14 Maar ik blijf op U hopen, o Jahweh, En zeggen: Gij zijt mijn God!
しかし、主よ、わたしはあなたに信頼して、言います、「あなたはわたしの神である」と。
15 Mijn lot blijft in uw handen liggen; Verlos mij van mijn vijand en vervolgers.
わたしの時はあなたのみ手にあります。わたしをわたしの敵の手と、わたしを責め立てる者から救い出してください。
16 Laat uw aanschijn lichten over uw dienaar; Red mij door uw genade.
み顔をしもべの上に輝かせ、いつくしみをもってわたしをお救いください。
17 Jahweh, laat mij toch niet beschaamd komen staan: Want U roep ik aan. Neen, laat de bozen worden beschaamd en in het dodenrijk varen; (Sheol )
主よ、わたしはあなたに呼ばわります、わたしをはずかしめないでください。

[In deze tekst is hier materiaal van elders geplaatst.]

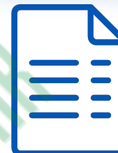
Схема направления заявок на перевод и обосновывающих документов в уполномоченный банк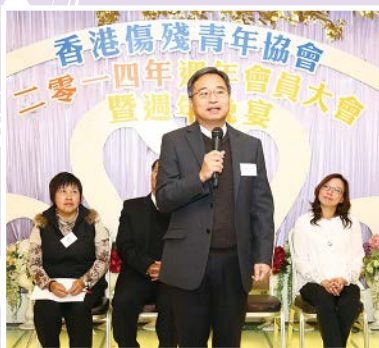
主禮嘉賓社會福利署助理署長 方啟良先生致辭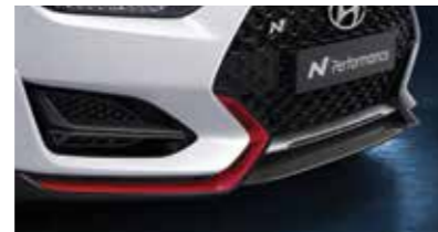
카본 프론트 립 & 포그 가니쉬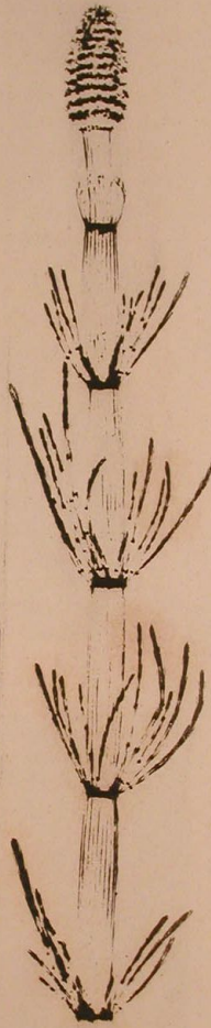
Equisetum limosum Linn.

Mit der Buchdruckerpresse geprägt und gedruckt.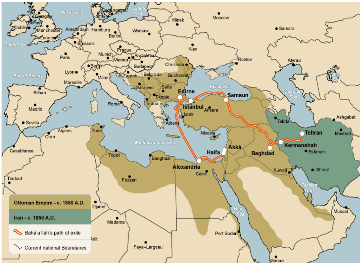
Alcance territorial del Imperio turco-otomano

Los albaneses que se movieron de los recientemente terrenos serbios liberados, contribuyeron a los cambios de la demografía de Kosovo. El serbio etnógrafo Niko Zupanic, meniona en su obra Les Origins des Serbs que 150.000 Serbios dejaron Kosovo entre 1876 y 1912.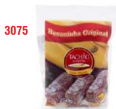
3075 - BANANADA TACHAO ORIGINAL 250G CX C/40

悪しき者に恥をうけさせ、彼らに声をあげさせずに陰府に行かせてください。 (Sheol )
18 Laat de leugenlippen verstommen, Die den gerechte durven tergen Met trots en verachting.
高ぶりと侮りとをもって正しい者をみだりにそしる偽りのくちびるをつぐませてください。
19 Hoe groot is uw goedheid, o Jahweh, Die Gij hebt weggelegd voor hen, die U vrezen, Die Gij bewijst aan wie tot U vluchten, Voor het oog aller mensen.
あなたを恐れる者のためにたくわえ、あなたに寄り頼む者のために人の子らの前に施されたあなたの恵みはいかに大いなるものでしょう。
20 Gij beschermt ze in de schuts van uw aanschijn Voor het sarren der mensen; Gij stelt ze veilig in uw tent Voor het kijven der tongen.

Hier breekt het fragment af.